BEGIN Data
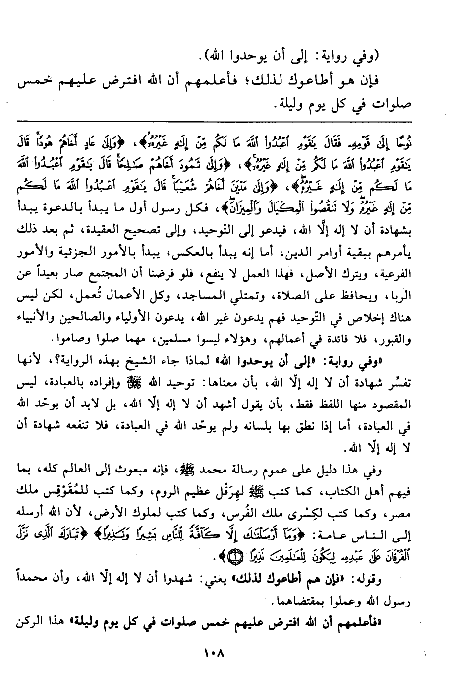 نُوحاً إِلَى قَوْمِهِ فَقَالَ يَا قَوْمِ اعْبُدُوا اللهَ مَا لَكُمْ مِنْ إِلَهٍ غَيْرُهُ} ، {وَإِلَى عَادٍ أَخَاهُمْ هُوداً قَالَ يَا قَوْمِ اعْبُدُوا اللهَ مَا لَكُمْ مِنْ إِلَهٍ غَيْرُهُ} ، {وَإِلَى ثَمُودَ أَخَاهُمْ صَالِحاً قَالَ يَا قَوْمِ اعْبُدُوا اللهَ مَا لَكُمْ مِنْ إِلَهٍ غَيْرُهُ} ، {وَإِلَى مَدْيَنَ أَخَاهُمْ شُعَيْباً قَالَ يَا قَوْمِ اعْبُدُوا اللهَ مَا لَكُمْ مِنْ إِلَهٍ غَيْرُهُ وَلا تَنْقُصُوا الْمِكْيَالَ وَالْمِيزَانَ} ، فكل رسول أول ما يبدأ بالدعوة يبدأ بشهادة أن لا إله إلاَّ الله، فيدعو إلى التّوحيد، وإلى تصحيح العقيدة، ثم بعد ذلك يأمرهم ببقية أوامر الدين، أما إنه يبدأ بالعكس، يبدأ بالأمور الجزئية والأمور الفرعية، ويترك الأصل، فهذا العمل لا ينفع، فلو فرضنا أن المجتمع صار بعيداً عن الربا، ويحافظ على الصلاة، وتمتلئ المساجد، وكل الأعمال تُعمل، لكن ليس هناك إخلاص في التّوحيد فهم يدعون غير الله، يدعون الأولياء والصالحين والأنبياء والقبور، فلا فائدة في أعمالهم، وهؤلاء ليسوا مسلمين، مهما صلوا وصاموا.
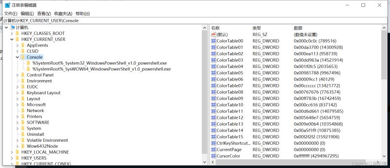 网上有文章说修改注册表HKEY_CURRENT_USER\Console\%SystemRoot%_system32_cmd.exe的CodePage值,这个方法可以解决部分人的问题。但还有一部分人的win10在该路径下是没有cmd相关信息的,只有powershell,这部分用户此方法就没有可行性。
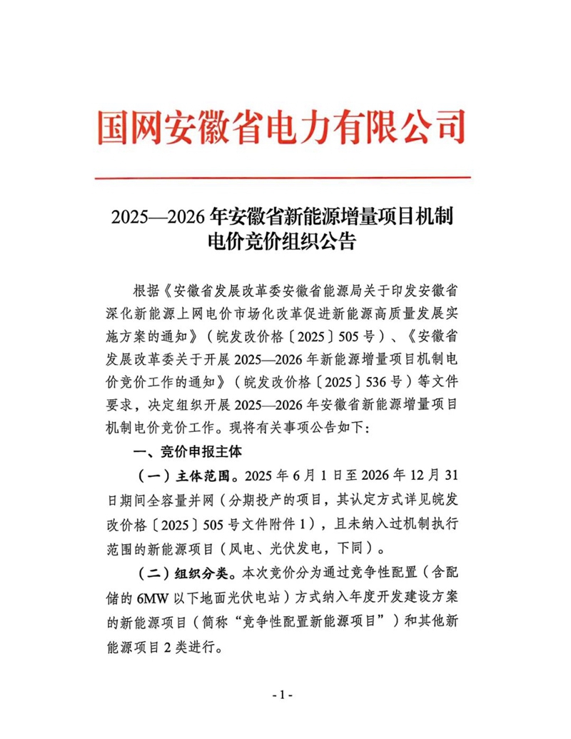 10月13日,新能源云平臺公布2025-2026年安徽省新能源增量項(xiàng)目機(jī)制電價競價組織公告。
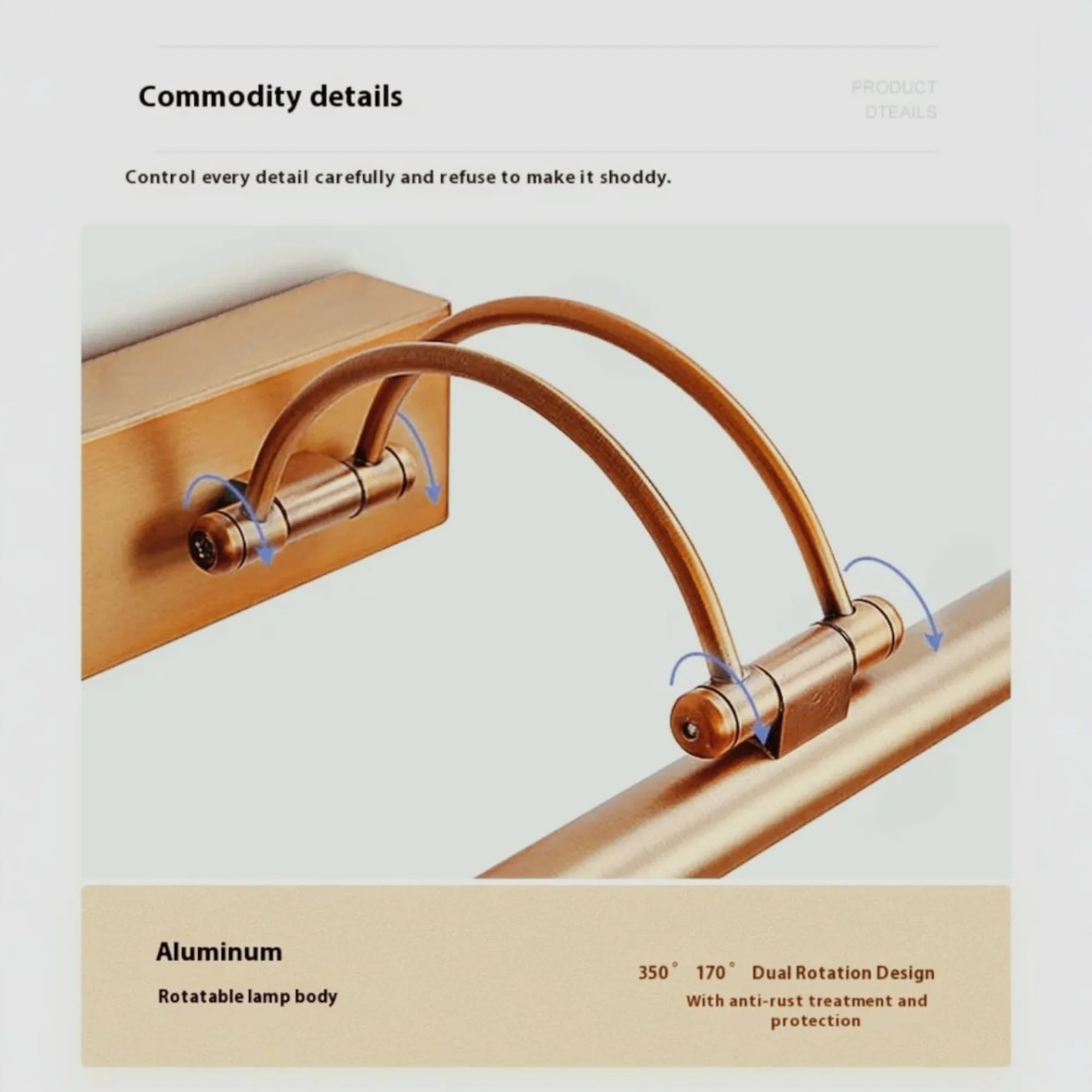 Classic Golden LED Light with Adjustabe Head Mirror Light - Warm White
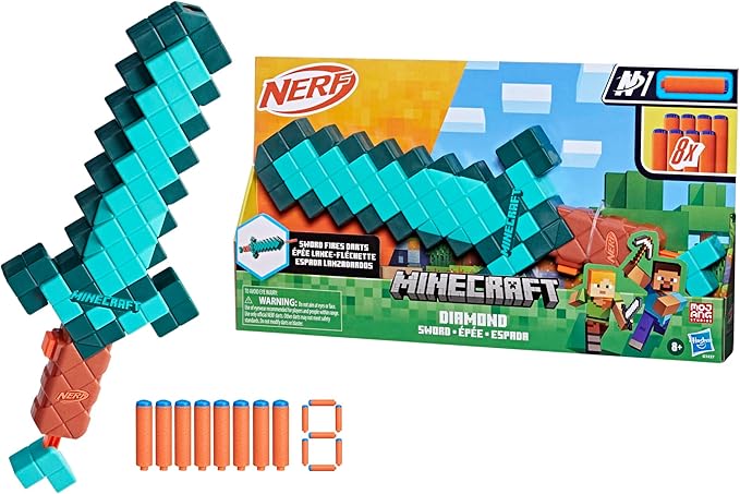 Nerf Minecraft Sword Dart Blaster, Pull Back Priming, Foam Edge, 8 N1 Darts, Ages 8+
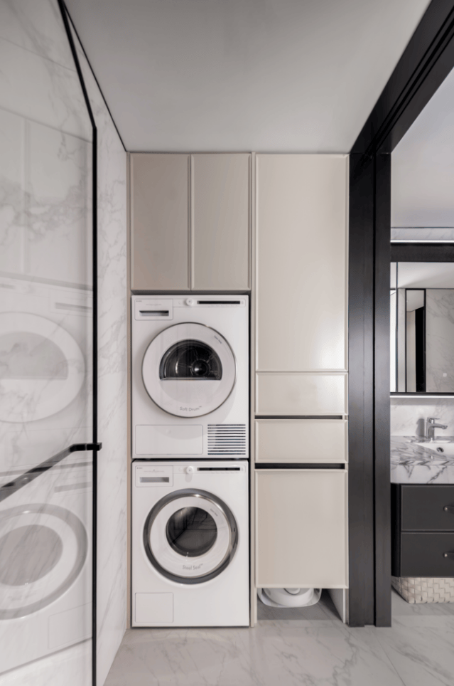 为165㎡以上户型配置 独立家政间,并全线选用 瑞典百年品牌ASKO洗烘设备,规划洗、烘、熨、藏一站式高效动线,让家务打理成为从容、优雅的日常仪式。
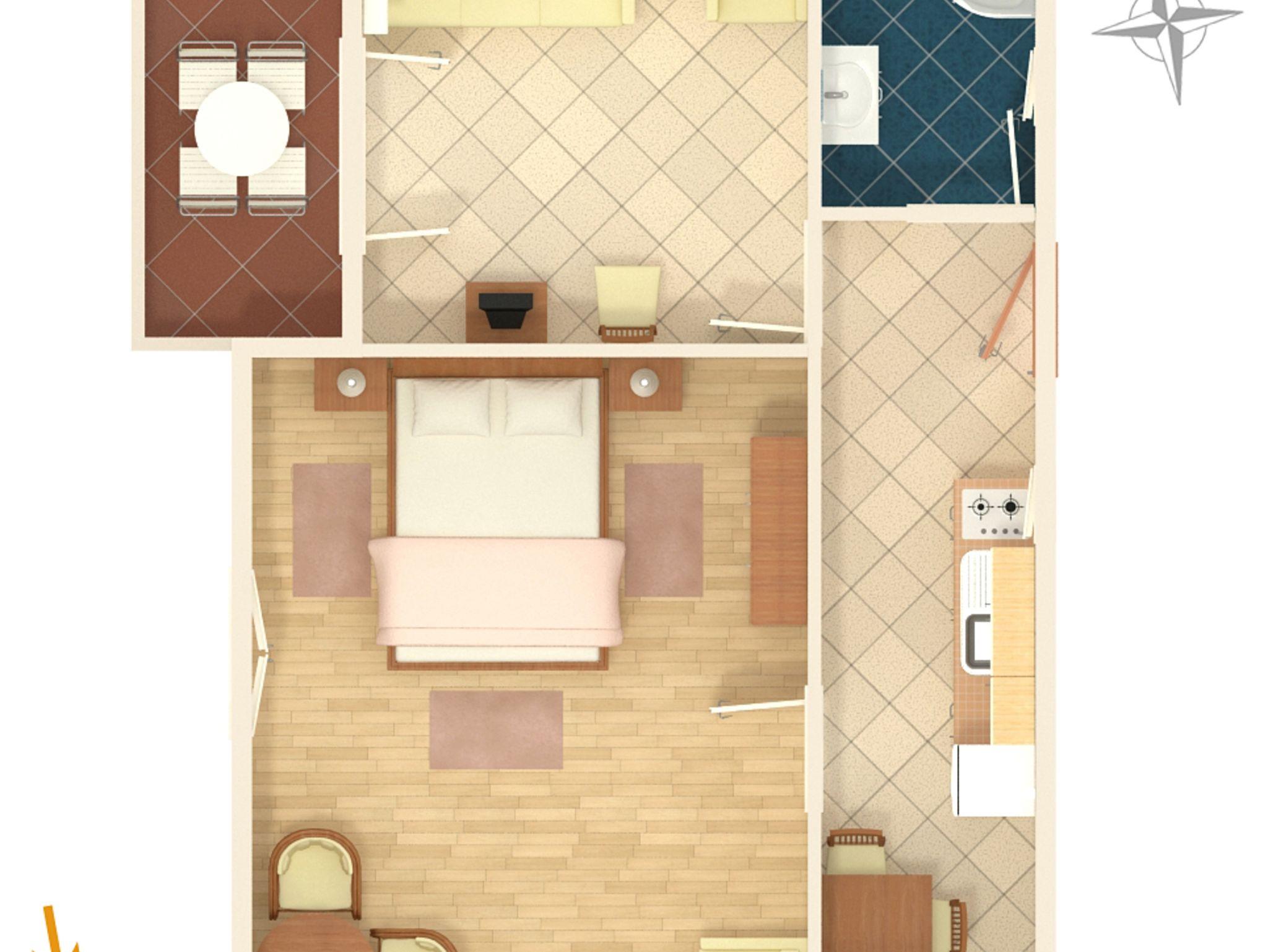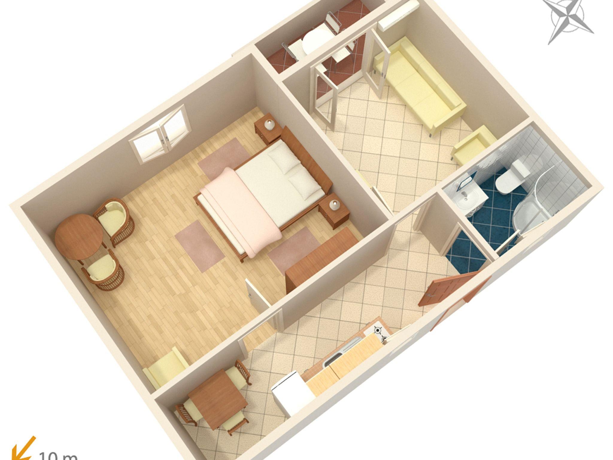 Ferienwohnung bietet Platz für 4 Gäste. Die Betten sind in Schlafzimmern, die es 1 gibt, und in Wohnzimmer, innerhalb einer Gesamtfläche von 40m2, angeordnet. Die Gäste haben eine eigene Terrasse zur Verfügung, auf der sie in warmen Sommernächten genießen können. Das Apartment bietet Meerblick. Es ist erlaubt, Speisen auf dem Gemeinschafts-Grill vorzubereiten. IM PREIS INBEGRIFFEN: Kurtaxe, Endreinigung, Parkplatz, Internet, Kinderbett. VERBINDLICHE ZUSÄTZLICHE KOSTEN: Aufzahlung für Kurzaufenthalte (prozentualer Zuschlag pro Nächtigungsanzahl: 30% - 1, 20% - 2, 10% - 3). UNVERBINDLICHE ZUSÄTZLICHE KOSTEN: Klimatisierung (7,00 € pro Nacht). Die Verfügbarkeit zusätzlicher Dienstleistungen in Ihrem reservierten Termin und die Preise derselben (falls nicht aufgeführt) müssen im Voraus überprüft werden. Zusätzliche Dienstleistungen die in der Zahlungsaufforderung nicht aufgeführt sind werden direkt beim Vermieter bezahlt, angenommen der Gast nutzt auch diese.
END Data
When you reach an image, pass over it, and retype all other material exactly.

 نُوحاً إِلَى قَوْمِهِ فَقَالَ يَا قَوْمِ اعْبُدُوا اللهَ مَا لَكُمْ مِنْ إِلَهٍ غَيْرُهُ} ، {وَإِلَى عَادٍ أَخَاهُمْ هُوداً قَالَ يَا قَوْمِ اعْبُدُوا اللهَ مَا لَكُمْ مِنْ إِلَهٍ غَيْرُهُ} ، {وَإِلَى ثَمُودَ أَخَاهُمْ صَالِحاً قَالَ يَا قَوْمِ اعْبُدُوا اللهَ مَا لَكُمْ مِنْ إِلَهٍ غَيْرُهُ} ، {وَإِلَى مَدْيَنَ أَخَاهُمْ شُعَيْباً قَالَ يَا قَوْمِ اعْبُدُوا اللهَ مَا لَكُمْ مِنْ إِلَهٍ غَيْرُهُ وَلا تَنْقُصُوا الْمِكْيَالَ وَالْمِيزَانَ} ، فكل رسول أول ما يبدأ بالدعوة يبدأ بشهادة أن لا إله إلاَّ الله، فيدعو إلى التّوحيد، وإلى تصحيح العقيدة، ثم بعد ذلك يأمرهم ببقية أوامر الدين، أما إنه يبدأ بالعكس، يبدأ بالأمور الجزئية والأمور الفرعية، ويترك الأصل، فهذا العمل لا ينفع، فلو فرضنا أن المجتمع صار بعيداً عن الربا، ويحافظ على الصلاة، وتمتلئ المساجد، وكل الأعمال تُعمل، لكن ليس هناك إخلاص في التّوحيد فهم يدعون غير الله، يدعون الأولياء والصالحين والأنبياء والقبور، فلا فائدة في أعمالهم، وهؤلاء ليسوا مسلمين، مهما صلوا وصاموا.
 网上有文章说修改注册表HKEY_CURRENT_USER\Console\%SystemRoot%_system32_cmd.exe的CodePage值,这个方法可以解决部分人的问题。但还有一部分人的win10在该路径下是没有cmd相关信息的,只有powershell,这部分用户此方法就没有可行性。
 10月13日,新能源云平臺公布2025-2026年安徽省新能源增量項(xiàng)目機(jī)制電價競價組織公告。
 Classic Golden LED Light with Adjustabe Head Mirror Light - Warm White
 Nerf Minecraft Sword Dart Blaster, Pull Back Priming, Foam Edge, 8 N1 Darts, Ages 8+
 为165㎡以上户型配置 独立家政间,并全线选用 瑞典百年品牌ASKO洗烘设备,规划洗、烘、熨、藏一站式高效动线,让家务打理成为从容、优雅的日常仪式。
 Ferienwohnung bietet Platz für 4 Gäste. Die Betten sind in Schlafzimmern, die es 1 gibt, und in Wohnzimmer, innerhalb einer Gesamtfläche von 40m2, angeordnet. Die Gäste haben eine eigene Terrasse zur Verfügung, auf der sie in warmen Sommernächten genießen können. Das Apartment bietet Meerblick. Es ist erlaubt, Speisen auf dem Gemeinschafts-Grill vorzubereiten. IM PREIS INBEGRIFFEN: Kurtaxe, Endreinigung, Parkplatz, Internet, Kinderbett. VERBINDLICHE ZUSÄTZLICHE KOSTEN: Aufzahlung für Kurzaufenthalte (prozentualer Zuschlag pro Nächtigungsanzahl: 30% - 1, 20% - 2, 10% - 3). UNVERBINDLICHE ZUSÄTZLICHE KOSTEN: Klimatisierung (7,00 € pro Nacht). Die Verfügbarkeit zusätzlicher Dienstleistungen in Ihrem reservierten Termin und die Preise derselben (falls nicht aufgeführt) müssen im Voraus überprüft werden. Zusätzliche Dienstleistungen die in der Zahlungsaufforderung nicht aufgeführt sind werden direkt beim Vermieter bezahlt, angenommen der Gast nutzt auch diese.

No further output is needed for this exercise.